Fifteen years.
That’s how long it has been since the Seattle Mariners participated in postseason baseball. That means a good portion of students here at Seattle University hadn’t yet attended kindergarten when the Mariners won a record 116 games back in 2001. If you’re one of those people too young to remember what it was like to have a playoff baseball team in Seattle, don’t worry about it. After 15 years, those of us old enough are having a hard time remembering it too.
After a 2015 season that brought high expectations from fans and analysts alike ended in yet another losing season, the Mariners have made a multitude of changes in both the front office as well as the dugout. There are quite a few new faces in 2016.
Gone is general manager Jack Zduriencik, after his five-year rebuilding plan turned into a seven-year sludge of taking one step forward and two steps back.
Enter new general manager Jerry Dipoto, the former general manager of the Los Angeles Angels. Dipoto was last seen on the wrong end of a power struggle feud with Angels manager Mike Scioscia that landed him on the unemployment line. After his falling out with Scioscia, it wasn’t difficult to predict that Dipoto would be inclined to bring in his own guy to manage the team. To the surprise of few, he fired Mariners manager Lloyd McClendon and hired Scott Servais as the new skipper.
As the assistant general manager in Los Angeles from 2011 to 2015, Servais worked very closely with Dipoto in the front office. But as for on-the-field managerial experience, Servais has none.

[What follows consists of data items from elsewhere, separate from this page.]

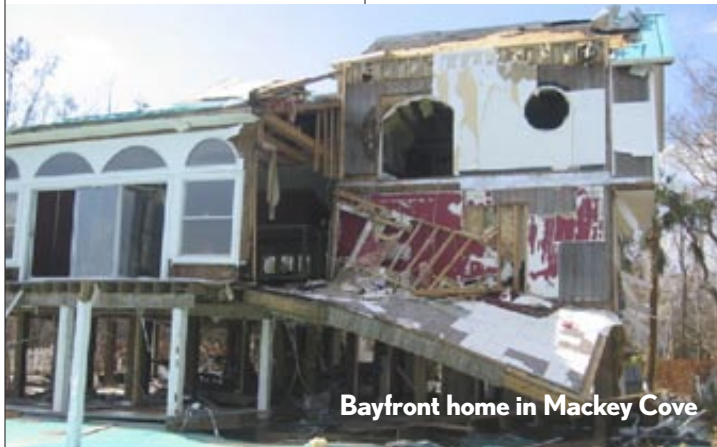
Bayfront home in Mackey Cove

Considering the tremendous task involved, we at IHMC and throughout the community are recovering at an extremely rapid pace. Most of the speed is due to the hard work of many people, all chipping in to help where they can. Though many services are up and running, it will be several month before a sense of normalcy returns for most people and longer for many others.
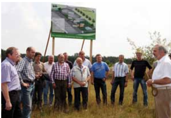
Handing over the keys of the biogas plant to the farmers in Saerbeck

A comprehensive and coherent transformation strategy for the energy system requires a large number of instruments and concepts, such as improving the energy performance of older housing stock, the funding of energy-efficient new buildings right through to plus-energy homes (that are net providers of energy), converting the power generating system to renewables or changing the power supplier to a renewable source; and measures to build consciousness and to change habitual use patterns.
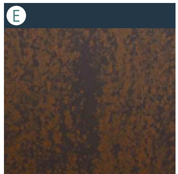
INSULATED METAL WALL PANEL

MP-1 BASIS OF DESIGN: METL SPAN STYLE: CF MESA COLOR: ALMOND
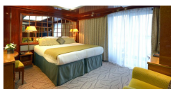
Magellan Deck Standard Single

The core of the Mariner lineup returns this season and the success of the team will hinge on the production of Nelson Cruz, Robinson Cano and Kyle Seager. Cruz’s first year in Seattle was brilliant and Seager was steady batting behind him in the lineup. As for Cano, he had a terrible first half of the season and by the time he turned it on in the second half it was too late. The Mariners will need two solid halves (or, as some call it, a full season of production) from him in 2016.

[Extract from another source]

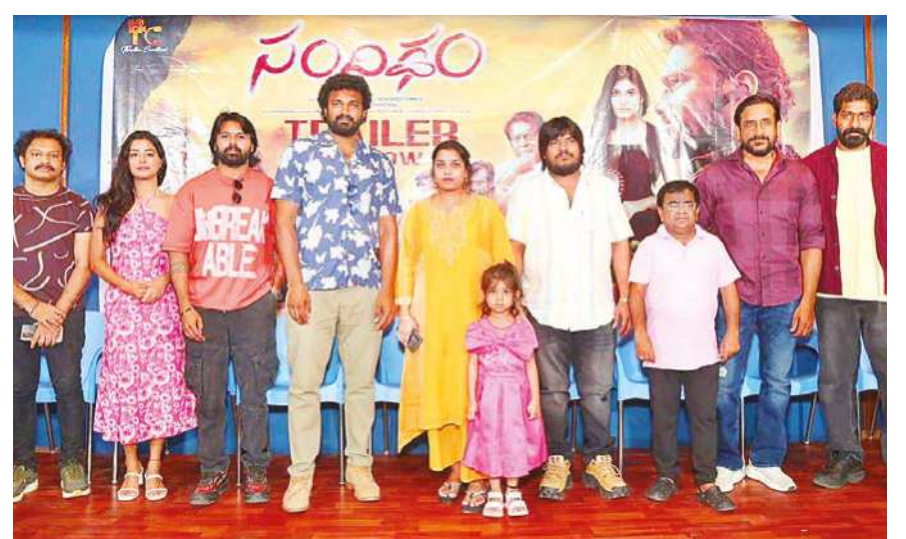
journey. Technically, Sandigdham features cinematography by

Outside of those three, there are some new faces (Adam Lind, Nori Aoki, Leonys Martin) but the same question from last year remains: Can the supporting cast get on base and give the big three a shot to drive in runs?
After failing a physical with the Dodgers, Hisashi Iwakuma returns to the Mariners on a one-year deal and will resume his role as the number two starter in the pitching rotation. Wade Miley, who looks like someone you wouldn’t want to encounter in the wild, was brought in via trade from Boston and will slide into the number three spot in the rotation. Taijuan Walker has another year to hopefully capture the potential that scouts saw in him that made him one of the top pitching prospects in all of baseball as a teenager. But the rotation continues to be anchored by perennial all-star Felix Hernandez, who turns 30 this week.
Jerry Dipoto made a lot of moves in the offseason but no major splashes in trades or free agency. Were they simply lateral moves that mostly attempted to erase the fingerprint of the former general manger or will this new supporting cast help get King Felix his first taste of post-season baseball and end Seattle’s playoff drought? Forgive me if I’m cynical, but it’s been a long time. Fifteen years.